A different future of work, one that sets in response to the climate conditions already unfolding.

 

The terra-collar work is a conceptual proposition. It draws from recent climate change projections and reframes the questions about the future of labor. It argues that the established collared division of labor should be reworked to ensure Earth remains a viable environment for many species, including humans as a primary risk group. It demonstrates why climate mitigation and adaptation should become the largest terraforming project in human history and provides examples of how certain industrial sectors can be reorganized to follow the goal of staying below 2°C by 2050.




The terra-collar work departs from the Fourth Industrial Revolution discussions about working hours reduction and nonwork advocacy, UBI proposals and transition of the entire labor force to coding and data science. 


Instead, it argues that future work will be tethered to the very material processes of climate change mitigation and adaptation, necessary to scale up to the amount of carbon emissions and keep global warming to a viable limit.


This new type of work strides away from white- and blue-collar distinctions of the past, and emerges as a new category of its own: Terra-Collar.














If we are to achieve the goal of limiting warming to 2 degrees by 2050, it will require an effort equivalent to the largest terraforming project in human history.

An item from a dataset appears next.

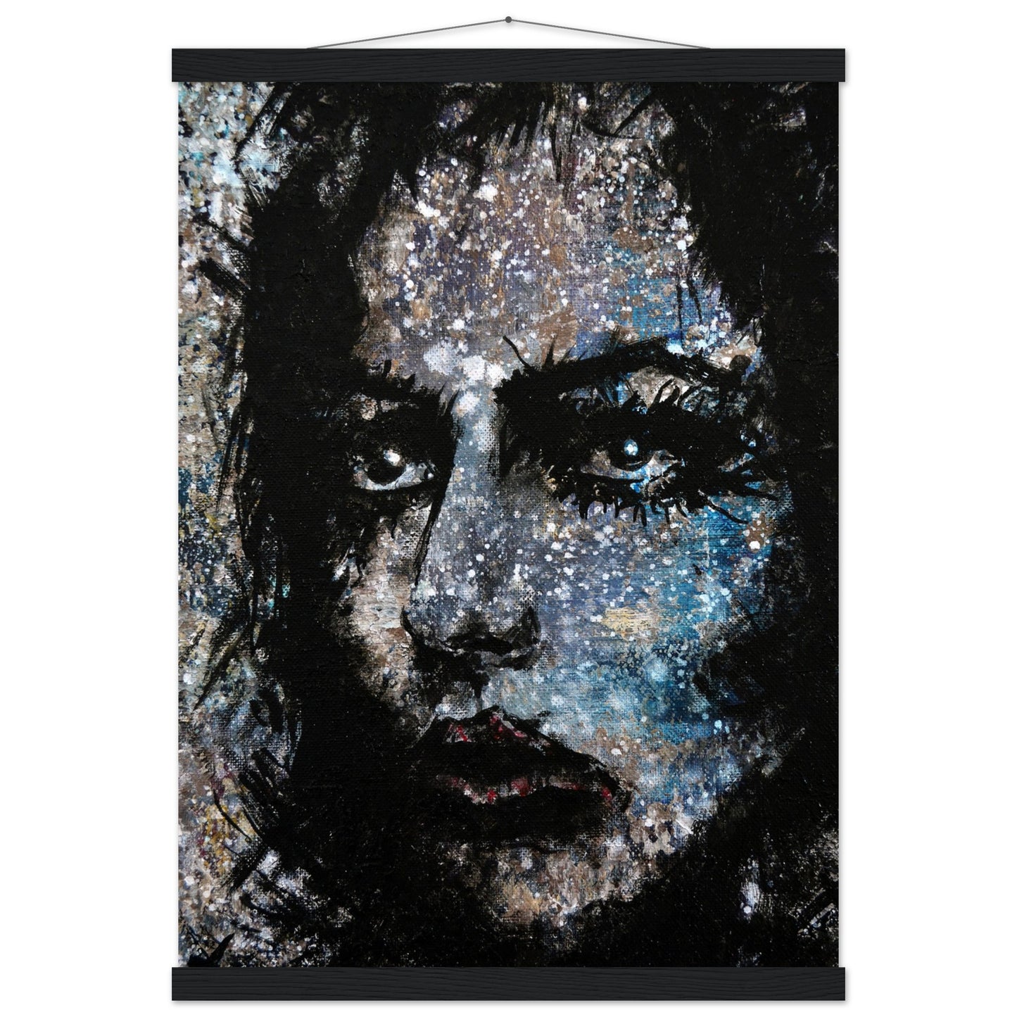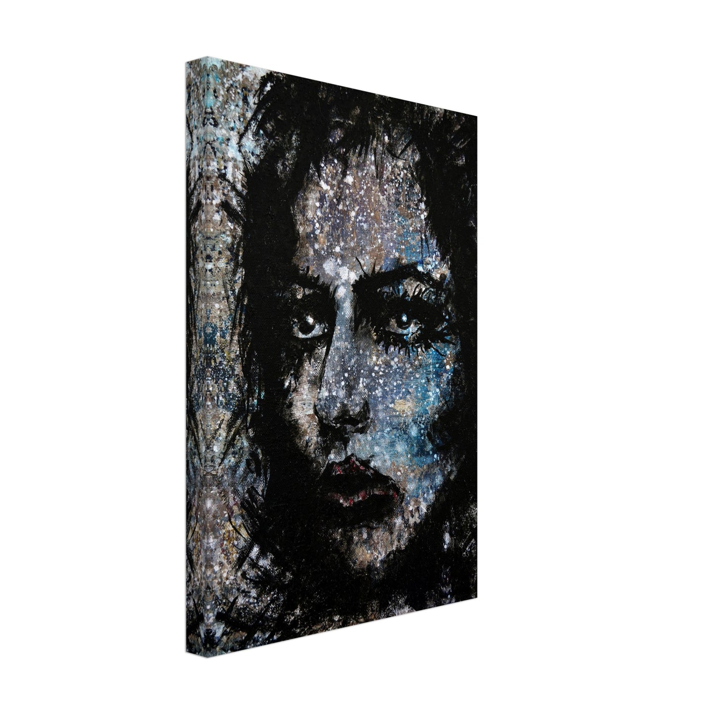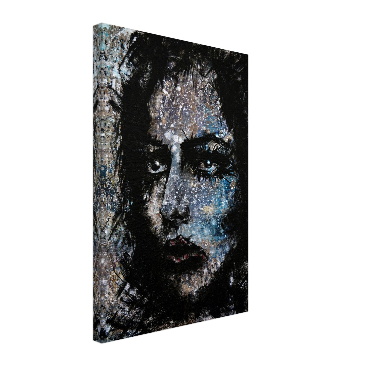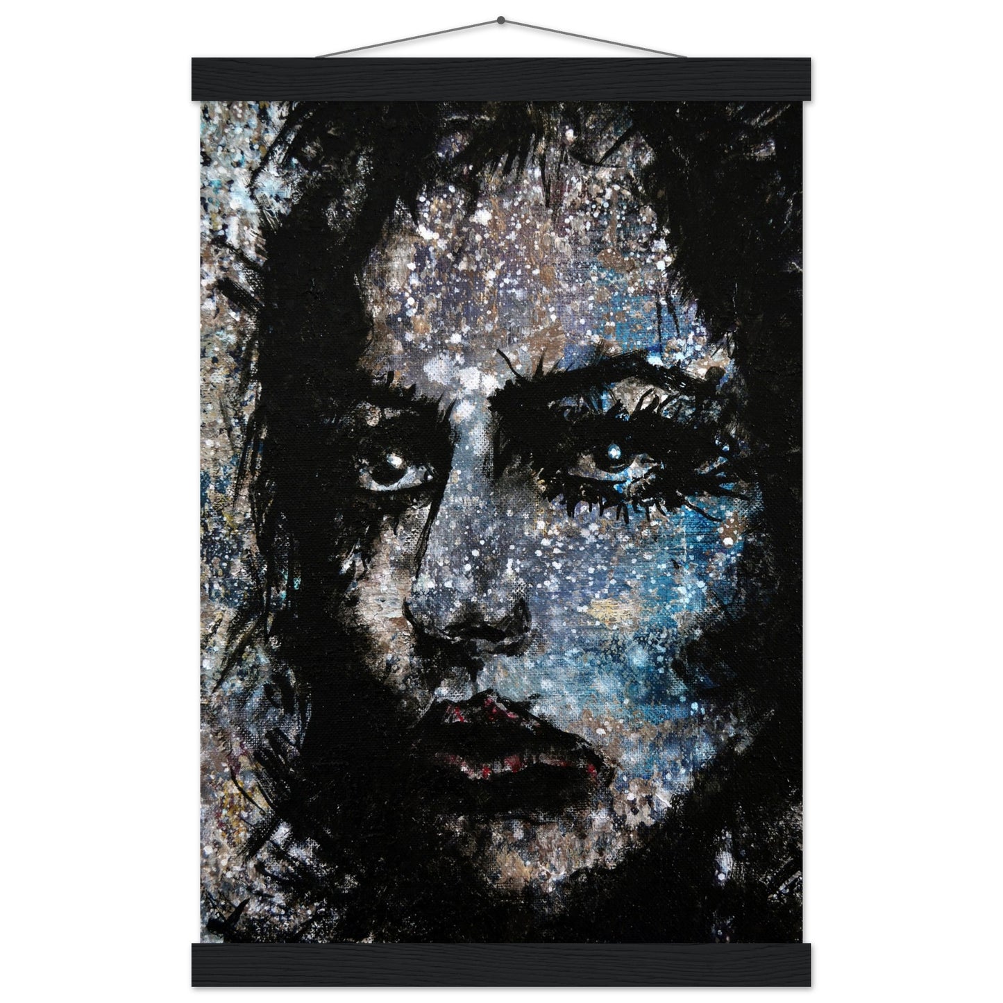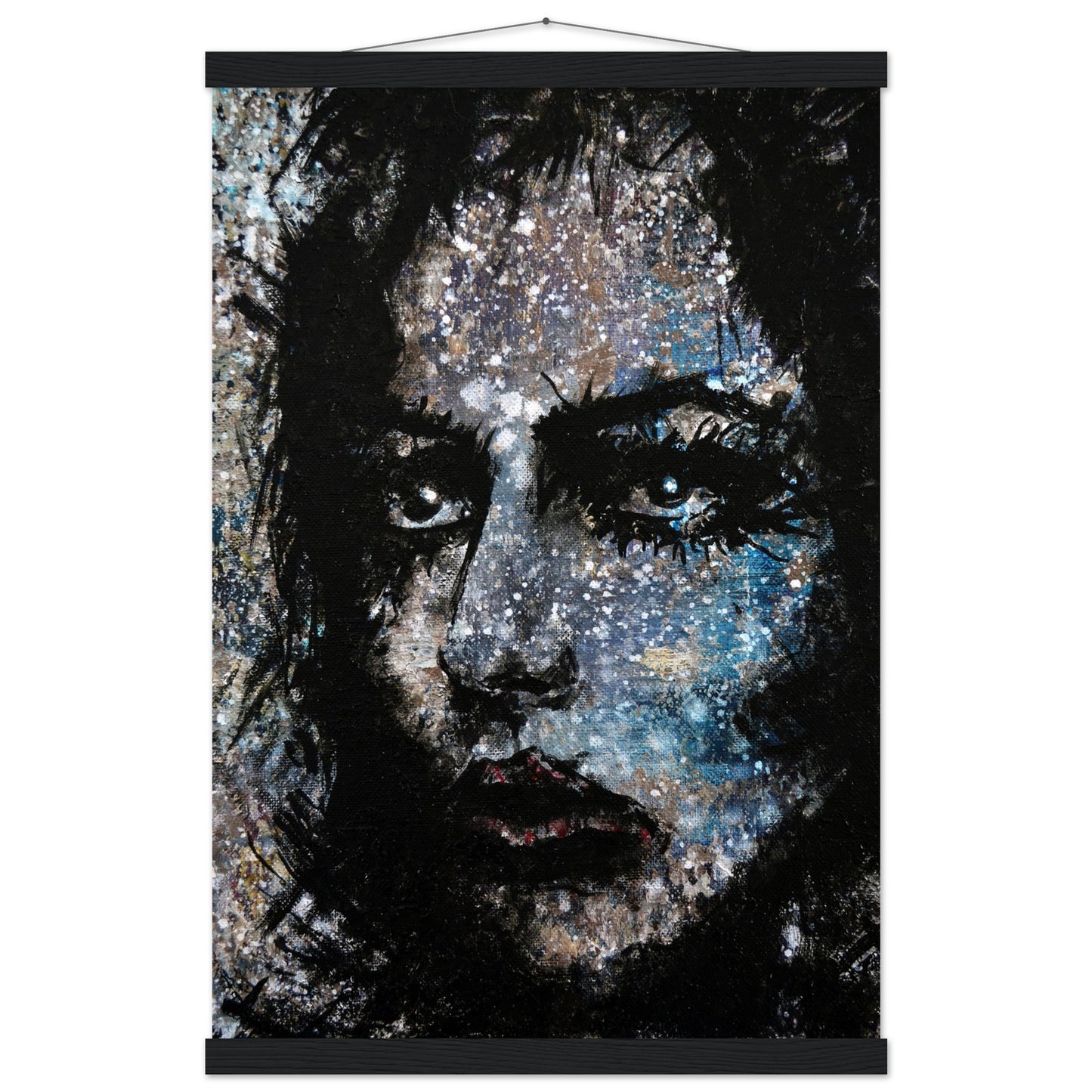 Explore the mesmerizing world of 'Sweet Frugality,' an abstract art capturing the essence of a woman in a unique artistic vision. The black-painted facial features exhibit bold brushstrokes against a serene grayish-blue backdrop, reminiscent of a distant galaxy adorned with the hues of bright whites and blues resembling a cosmic landscape.

Scaling up to the amount of produced carbon emissions and limiting global warming will require an effort equivalent to the largest terraforming project in human history.



The end of time narratives that describe this climate crisis have demonstrated their inability to instigate effective actions and alleviate the problems that become more tangible with every year.



A new story is needed for the geologic epoch we inhabit, that which motivates action with the tools at our disposal.